Alternatives considered

  1. Vector-only memory (Chroma, Pinecone): Rejected — no relational queries, no provenance, no temporal reasoning, no federation. Good for similarity search, bad for structured knowledge.
  2. Conversation log persistence: Rejected — chat history is noisy, fills up fast, and can't be queried relationally. The brain should store conclusions, not conversations.
  3. File-based memory (current MEMORY.md approach): Rejected as sole solution — works for small projects but doesn't scale, can't be shared across agents, and has no query capability beyond grep.
  4. SQLite/PostgreSQL tables: Rejected — loses the RDF/SPARQL advantage (federation, ontology alignment, PROV-O integration).
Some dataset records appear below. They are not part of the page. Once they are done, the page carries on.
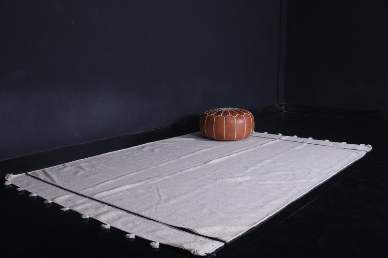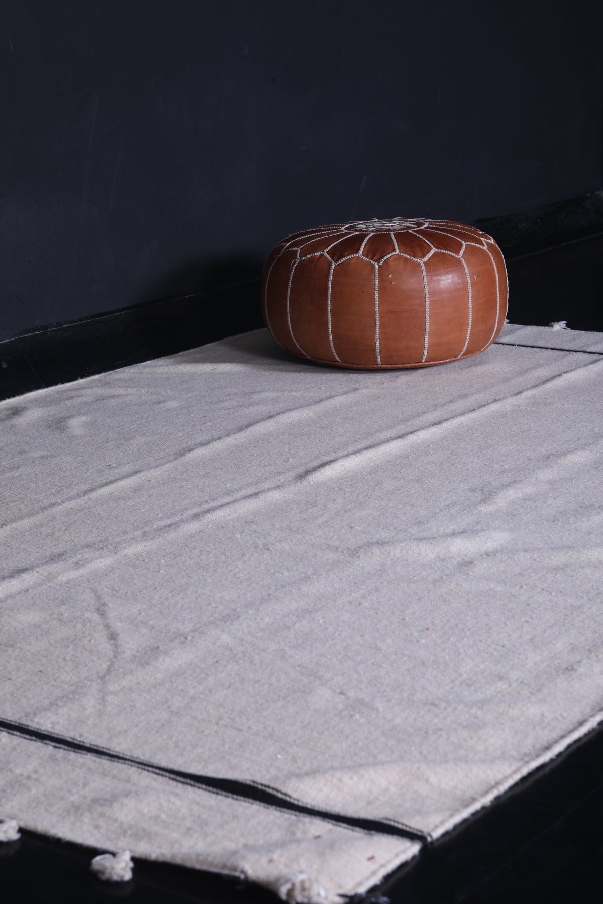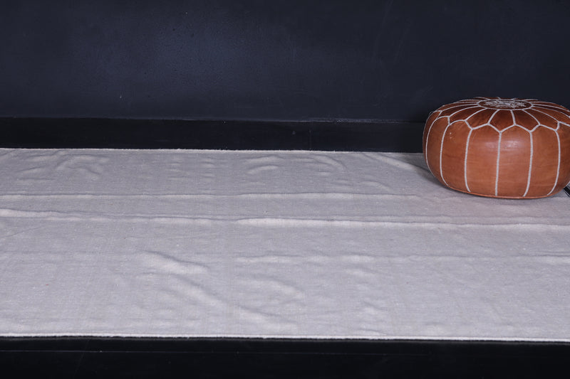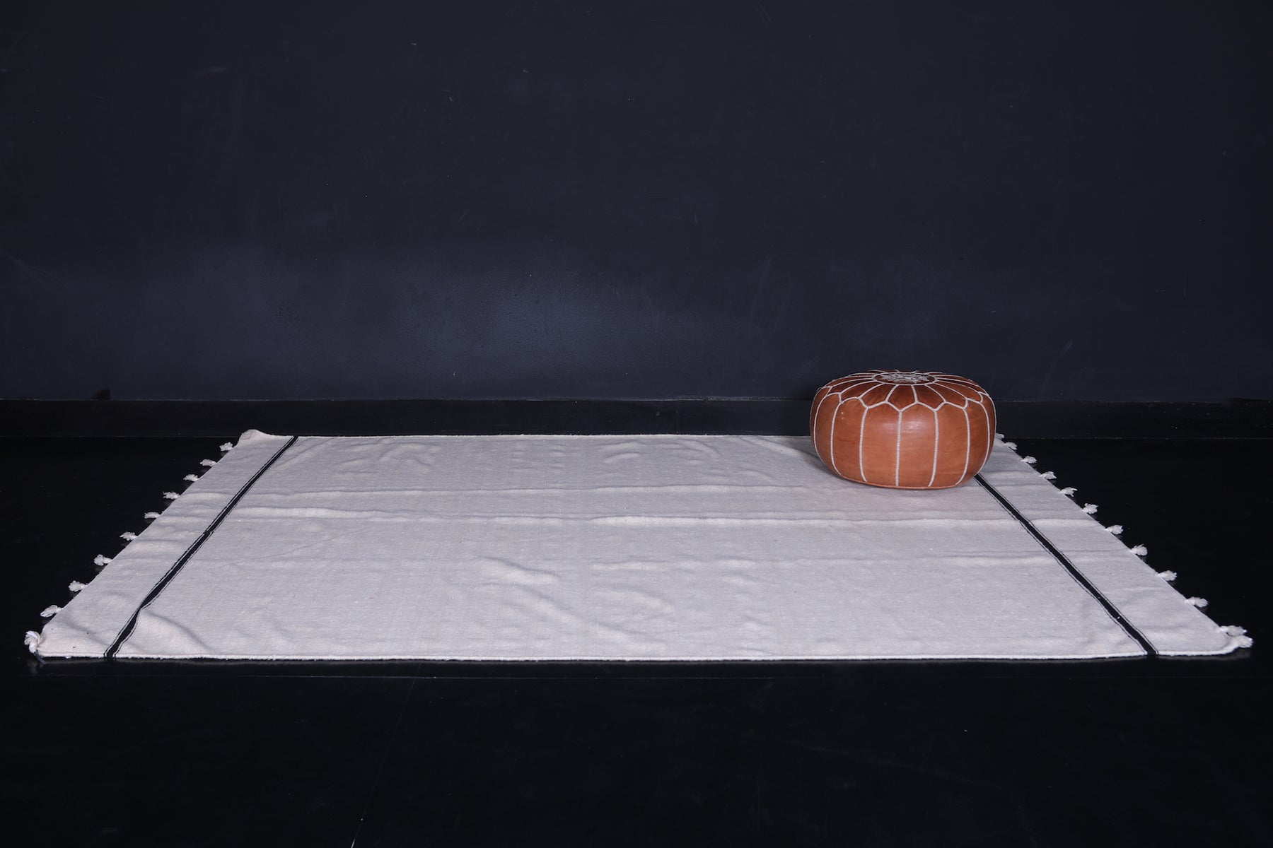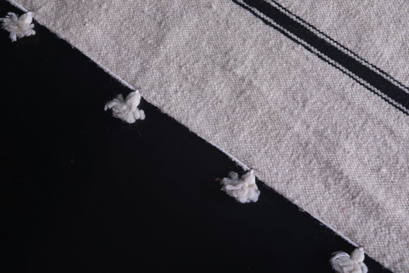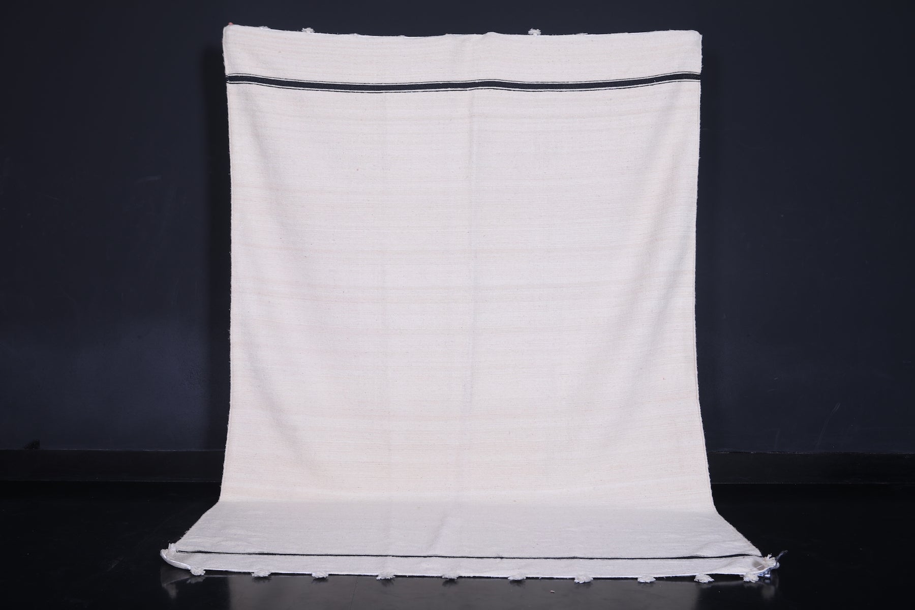 This 6.1 x 8.8 feet Vintage Moroccan Handwoven Kilim features a clean, minimalist design with subtle black detailing, offering a timeless blend of tradition and modernity. Handwoven by skilled Moroccan artisans, this lightweight kilim adds charm and practicality to any space.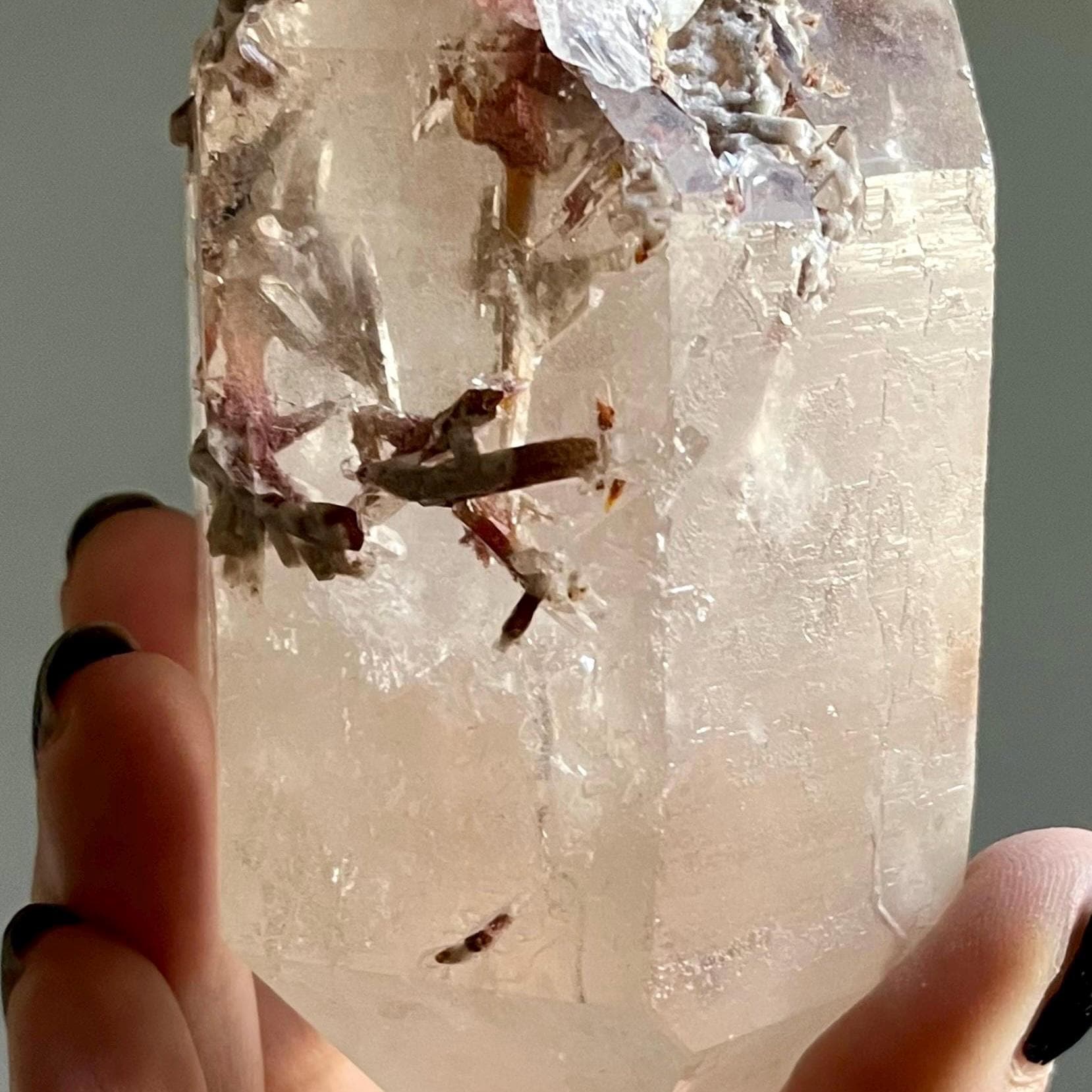 Gray lithium and red phantoms move up this wild expression of lemurian quartz, the quartz itself illuminating in soft smoky citrine hues.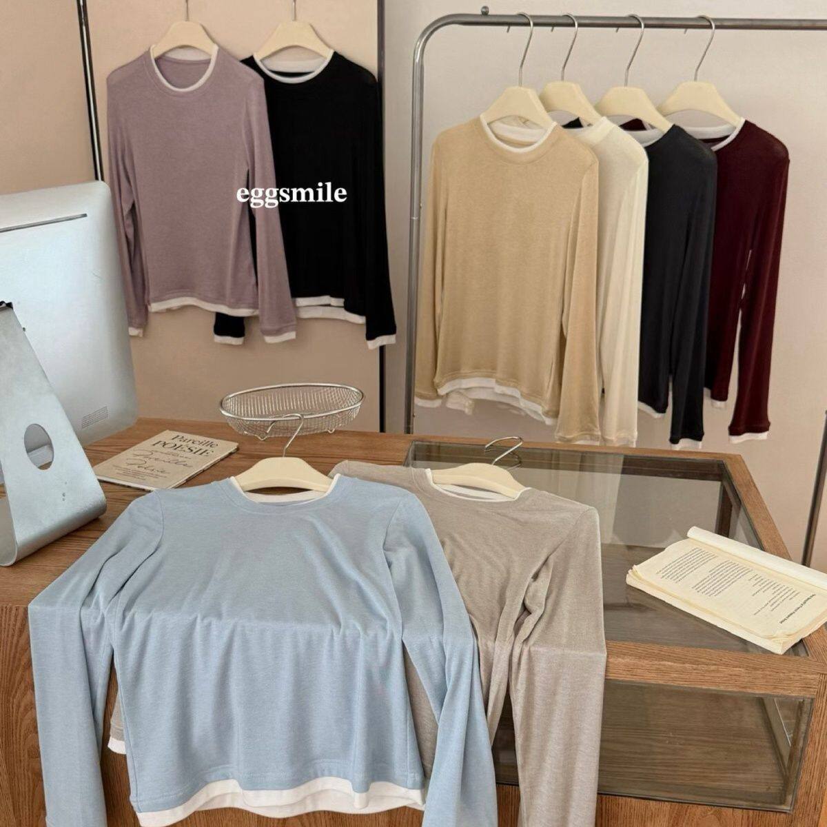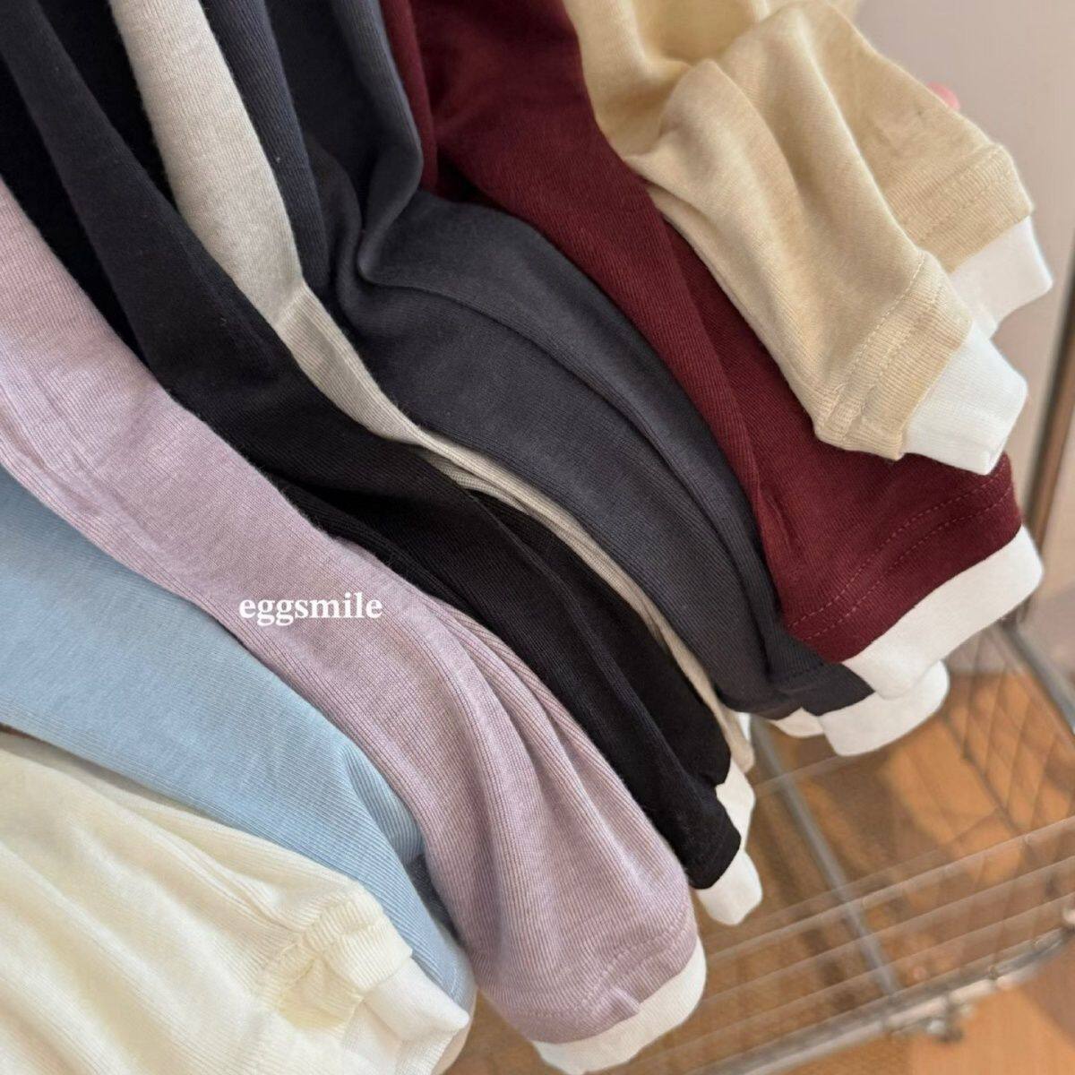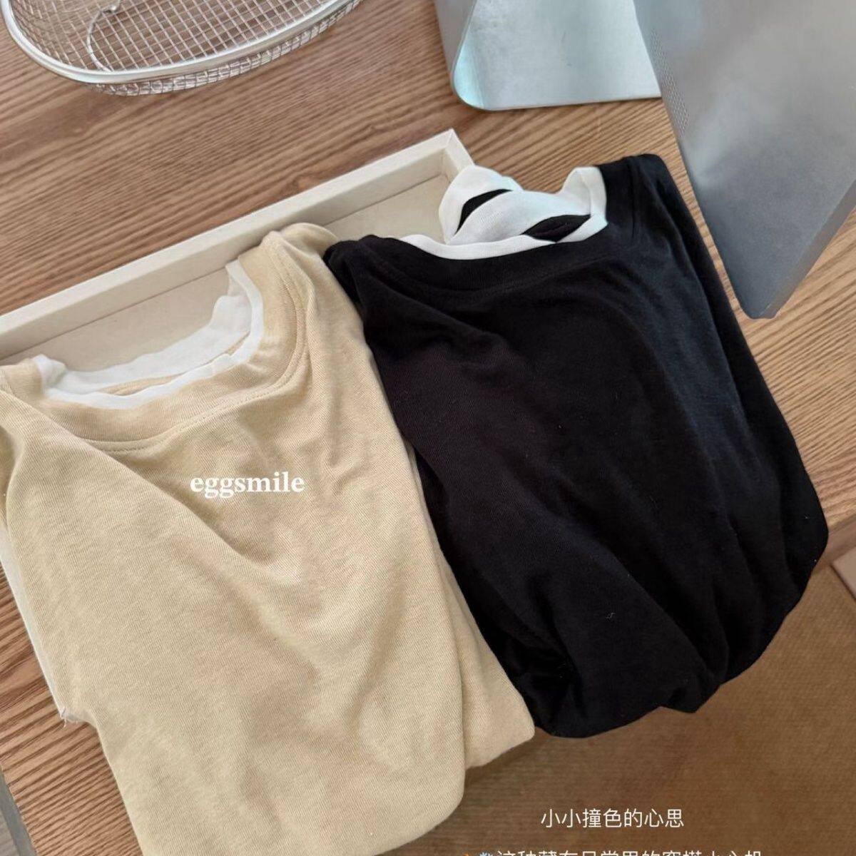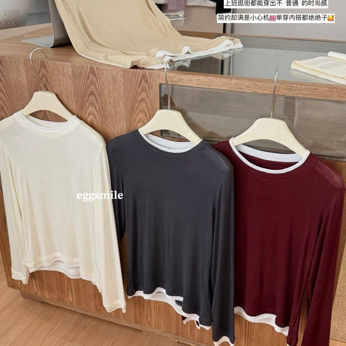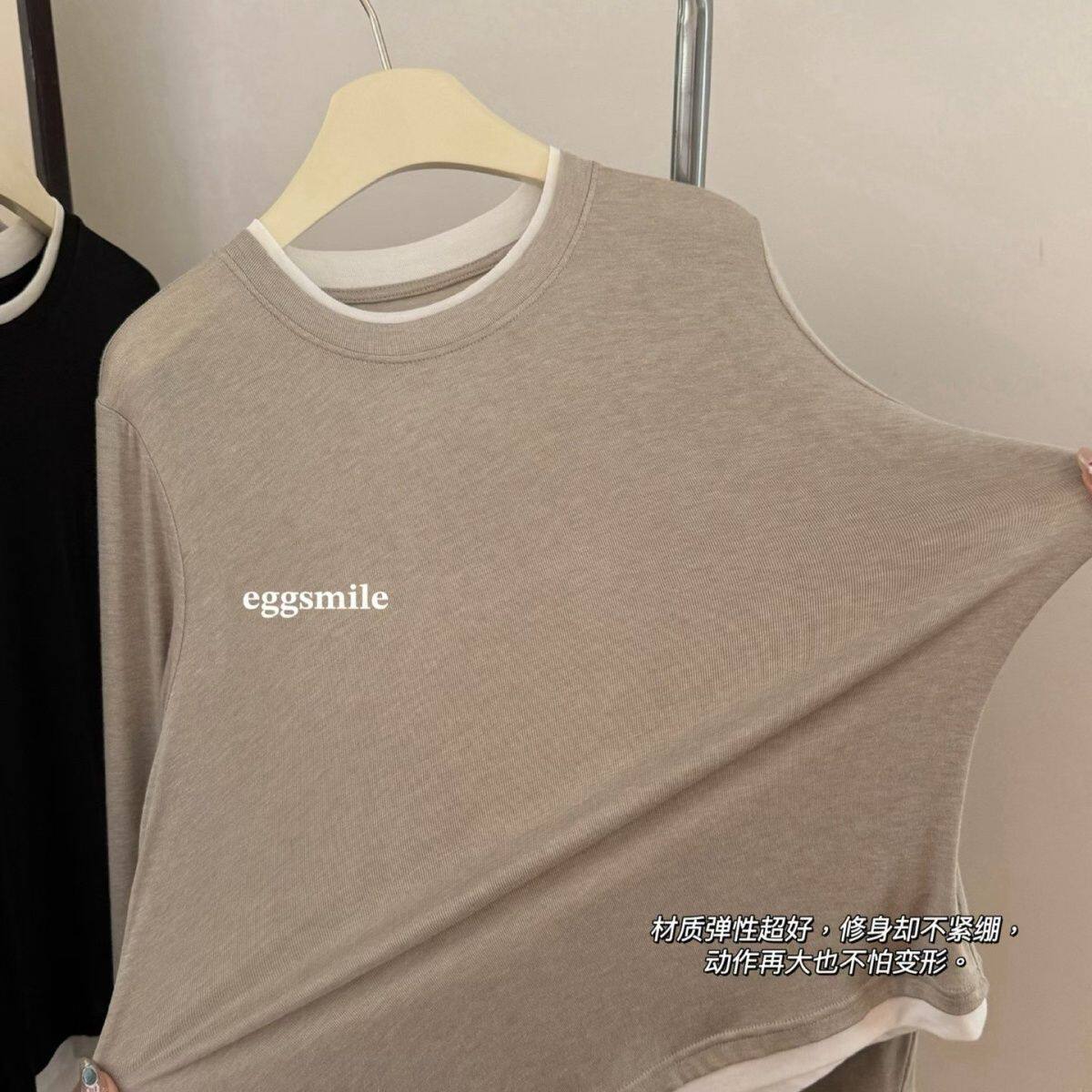 📚 新款egg天丝羊毛假两件长袖打底衫圆领T恤修身显瘦撞色上衣女

Would require reimplementing everything Trails already provides.

Open questions

  • Q: Should memory.recall support natural-language queries in Phase 1? Recommendation: Yes, via simple keyword extraction + Q(content__icontains=...). Full semantic search deferred to Phase 2.
  • Q: Should the brain auto-compact on startup? Recommendation: Configurable, default off. Users who run many short sessions may want it; long-running servers should compact on a schedule.
  • Q: How does the brain interact with trails.agent.Session (ADR-0018)? Recommendation: Session gets an optional brain parameter. When set, the session auto-persists key conclusions (hypotheses above confidence threshold, user corrections) to the brain on session.end().
  • Q: Should facts have a verified_by field for human confirmation? Recommendation: Yes, add in Phase 1. A boolean brain:humanVerified property lets agents distinguish between self-learned and human-confirmed knowledge.